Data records
*** Begin section ***

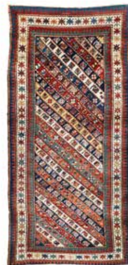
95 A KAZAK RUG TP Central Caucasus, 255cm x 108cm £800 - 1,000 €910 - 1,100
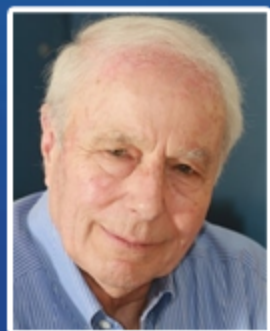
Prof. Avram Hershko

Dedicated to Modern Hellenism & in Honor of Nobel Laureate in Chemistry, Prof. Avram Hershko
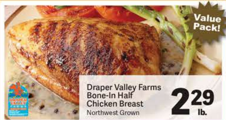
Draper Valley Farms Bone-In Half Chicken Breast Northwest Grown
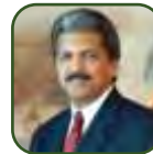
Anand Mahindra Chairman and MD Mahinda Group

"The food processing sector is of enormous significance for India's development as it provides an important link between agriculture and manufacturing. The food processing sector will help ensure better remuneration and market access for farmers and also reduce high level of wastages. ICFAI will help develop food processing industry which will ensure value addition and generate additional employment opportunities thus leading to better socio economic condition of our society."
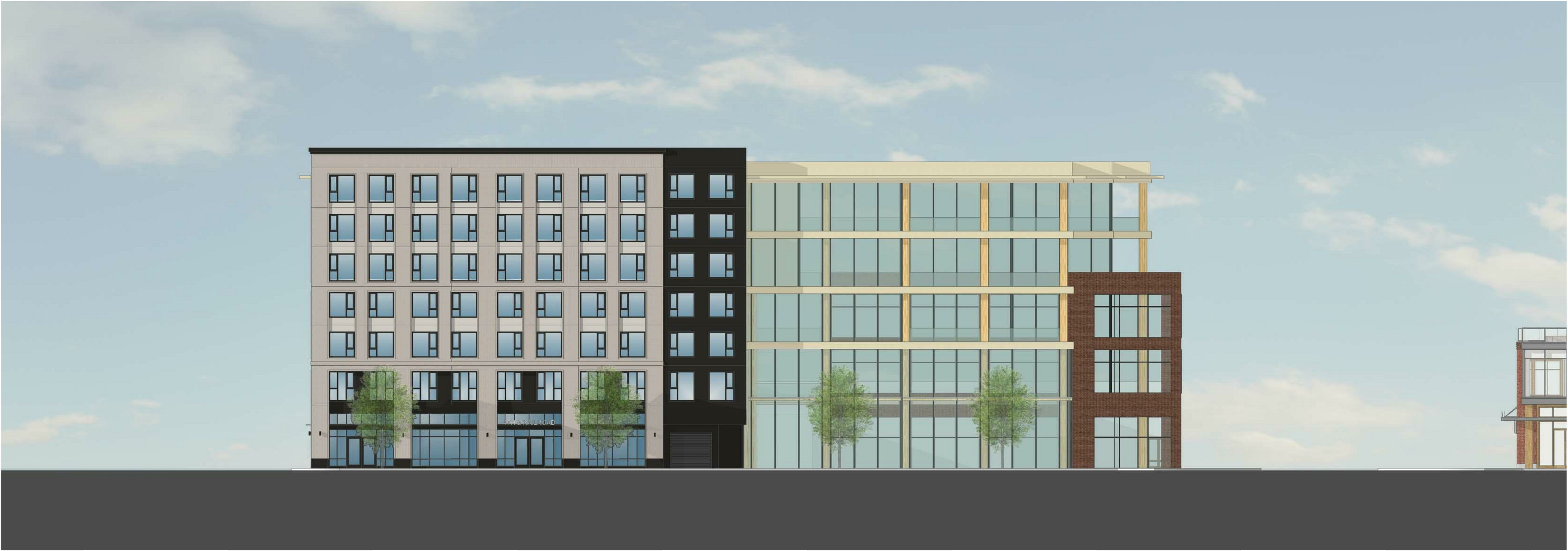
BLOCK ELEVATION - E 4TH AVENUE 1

*** End section ***

Your objective:
In the answer, repeat exactly the lines from the top of the entries above through the line with "Anand Mahindra Chairman and MD Mahinda Group", and leave pictures out of it.

Task result:
95 A KAZAK RUG TP Central Caucasus, 255cm x 108cm £800 - 1,000 €910 - 1,100
Prof. Avram Hershko

Dedicated to Modern Hellenism & in Honor of Nobel Laureate in Chemistry, Prof. Avram Hershko
Draper Valley Farms Bone-In Half Chicken Breast Northwest Grown
Anand Mahindra Chairman and MD Mahinda Group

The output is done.